So what do we mean by personal outcomes? Research shows us that people are experts in their
own lives, they are best placed to tell us what's important to them and what gives them
a sense of well-being. But they often need help to do this, particularly when families
are in crisis, and this is generally when we need intervention from us. Personal outcomes
means acknowledging people's strengths and working with the person to an agreed plan
to help them to do the things that matter to them. Others can contribute to this plan,
including the family, carers, community members and professionals. It's about implementing
core values, actively listening, allowing people to tell their story in their way,
without judgement, treating people with respect and being reliable, suspending judgement,
and asking open questions, taking a person-centred approach which allows people to know that
we are listening and that we understand. Asking exploratory questions such as What concerns
you most? What do you notice when things are a bit better? Tell me a bit more about what's
happening. And what could be happening to make you or others less anxious? Helping people
to identify their own strengths, skills, motivation to make change, their concerns, and their
aspirations. The approach limits natural defensiveness and it avoids arguments and confrontation.
It allows people to think about what needs to happen, where they are now and where they
want or need to be. The approach advises against dismissive terms such as "I know best", "I'm
the decision maker", "You must/have to do as I say".
It allows people to take ownership of their own life circumstances,
with professionals moving away from the role of fixer and rescuer towards one of facilitator.
Research tells us that poorly understood problems can result in wrong advice being given,
and wrong choices being made. The aim is to use interlinked
skills, understanding the person's situation holistically.
So why change the way we work?
As mentioned, recent legislation Wales has people and communities at its heart. The Social
Services and Well-being and The Future Generations Act emphasises co-production and involvement,
prevention, early intervention and the role of communities. There is a growing need to
support and enhance community resilience as austerity continues to hit public services
and we need to find sustainable ways to support people. Evidence undertaken by Social Care
Wales has shown that culture needs to change within both communities and public services
in order for us to be able to work together to overcome a culture of dependency. This
starts with genuine partnership-working between families, professionals and communities in
order to make a difference. Building trust and confidence, building resilience in people's
lives and giving them the confidence that things can change. The focus cannot just be
limited to health and social care, there has to be a shared vision with the private and
voluntary organisations as well as education. Evidence from practice tells us how we do
it can be more important that what we do. I recently read a story written by a young
care leaver, Jenny Maloy, in Community Care Magazine. Jenny talks about how the kindness
of Social Workers and carers helped her overcome childhood trauma and build her resilience.
She writes "Social Workers and carers are in the honoured position to create a space
for us to learn what we, as precious children, should receive as acts of kindness". There
were so many acts of kindness that she received, far too many to mention, and that in itself
is an act of kindness.

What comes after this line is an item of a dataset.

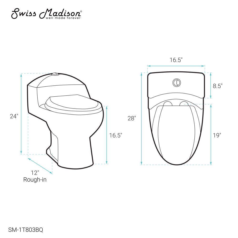 Select where you want the flush button or lever located. Side flush is on the right-hand side of the tank, left side is on the opposite, dual top offers two buttons on top, and touchless uses sensor technology. Swiss Madison Toilet Guide
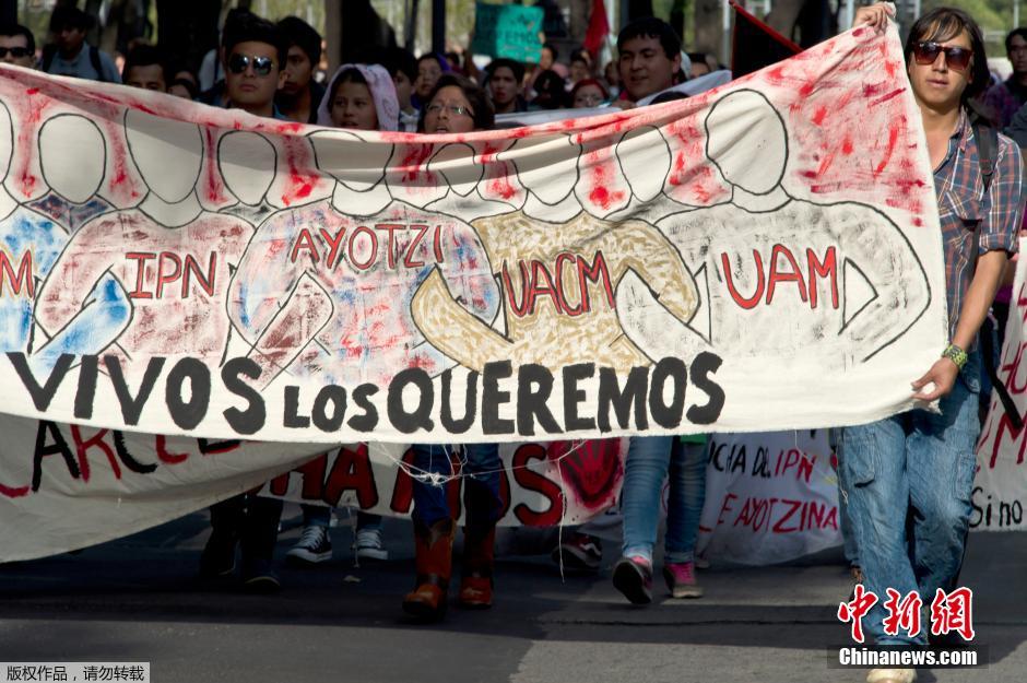 当地时间2014年10月15日,墨西哥格雷罗州州,当地学生举行示威游行,要求找到墨西哥失踪的43名学生。

With the complicated life of working with vulnerable children,
the simple things can be overlooked. Resilience is built in many ways, and feeling special
by receiving kindness is one of them. She adds "The conversation often pops into my
head when I felt the loss of those important professionals. The loss was no different to
losing a relative. The cross was no easier to bare. The losses stay with you forever,
and they in part, shape you as an adult. But in my case, through the many acts of kindness
I received, they didn't break me". So how much does this cost? How much does the approach
of taking an outcomes focused practice cost? Nothing, yes. Working in a non-judgmental
way, treating people with respect, being kind, actively listening, being available and reliable,
showing compassion and being empathetic, putting the person in the centre, asking them what
matters to them and exploring their personal outcomes. Zero cost, no charge.